• _Goal of the exercise_:
Pictures in the data below are not part of the copy; transcribe everything else exactly.

• _Recorded information_:
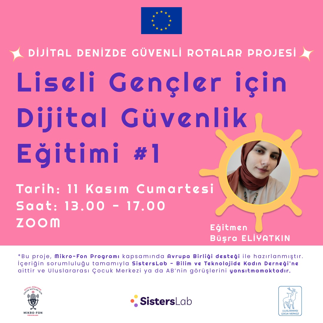 Uluslararası Çocuk Merkezi Derneği tarafından desteklenen, Avrupa Birliği tarafından finanse edilen Dijital Denizde Güvenli Rotalar projesi dijitaldeki çocuk güvenliği konusunda lise öğrencileri ile çalışılması ve dijitaldeki çocuk güvenliğini tartışmak üzerine sosyal medya kampanyası ve eğitimler gerçekleştirmeyi hedefliyor. Dijital Dünyada Güvende Ol: Liseli Gençler için Dijital Güvenlik Eğitimi Başlıyor!
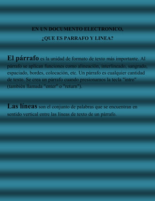 Un párrafo es la unidad de formato de texto más importante en un documento electrónico. Se crea un párrafo al presionar la tecla Intro y permite aplicar funciones de formato como alineación y sangrado. Las líneas son las palabras dispuestas verticalmente entre las líneas de un párrafo.
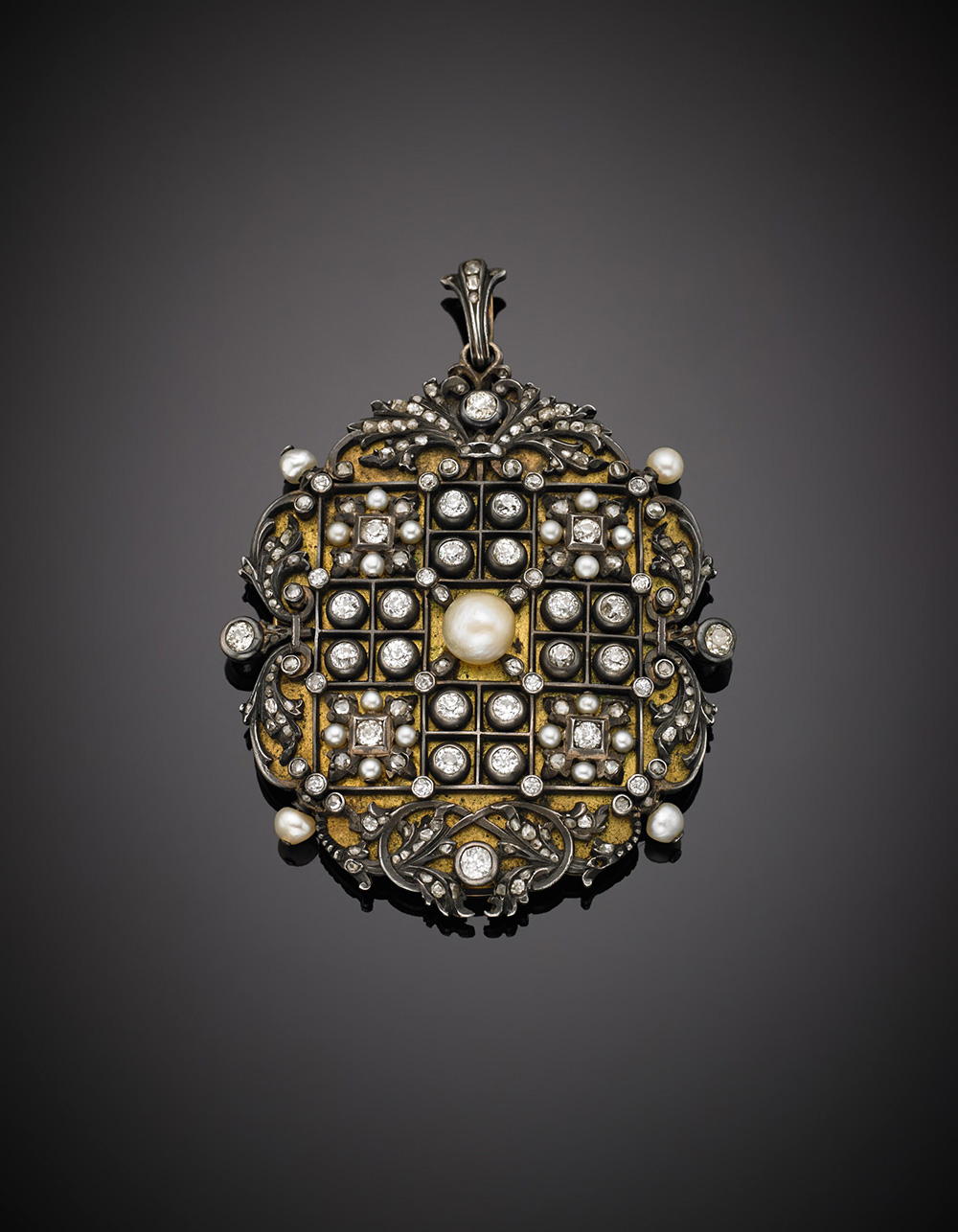 Pendente porta ricordi in oro, argento, diamanti e perle, g. 90, h cm 8, 5. chiusura sul retro in vetro. Prov.: Eredi Luchino Visconti Yellow gold and silver, diamond and pearl pendant/locke, g.90, h cm 8,5. Glass on the back hinged opening Prov.: Eredi Luchino Visconti

• _Solution_:
 Uluslararası Çocuk Merkezi Derneği tarafından desteklenen, Avrupa Birliği tarafından finanse edilen Dijital Denizde Güvenli Rotalar projesi dijitaldeki çocuk güvenliği konusunda lise öğrencileri ile çalışılması ve dijitaldeki çocuk güvenliğini tartışmak üzerine sosyal medya kampanyası ve eğitimler gerçekleştirmeyi hedefliyor. Dijital Dünyada Güvende Ol: Liseli Gençler için Dijital Güvenlik Eğitimi Başlıyor!
 Un párrafo es la unidad de formato de texto más importante en un documento electrónico. Se crea un párrafo al presionar la tecla Intro y permite aplicar funciones de formato como alineación y sangrado. Las líneas son las palabras dispuestas verticalmente entre las líneas de un párrafo.
 Pendente porta ricordi in oro, argento, diamanti e perle, g. 90, h cm 8, 5. chiusura sul retro in vetro. Prov.: Eredi Luchino Visconti Yellow gold and silver, diamond and pearl pendant/locke, g.90, h cm 8,5. Glass on the back hinged opening Prov.: Eredi Luchino Visconti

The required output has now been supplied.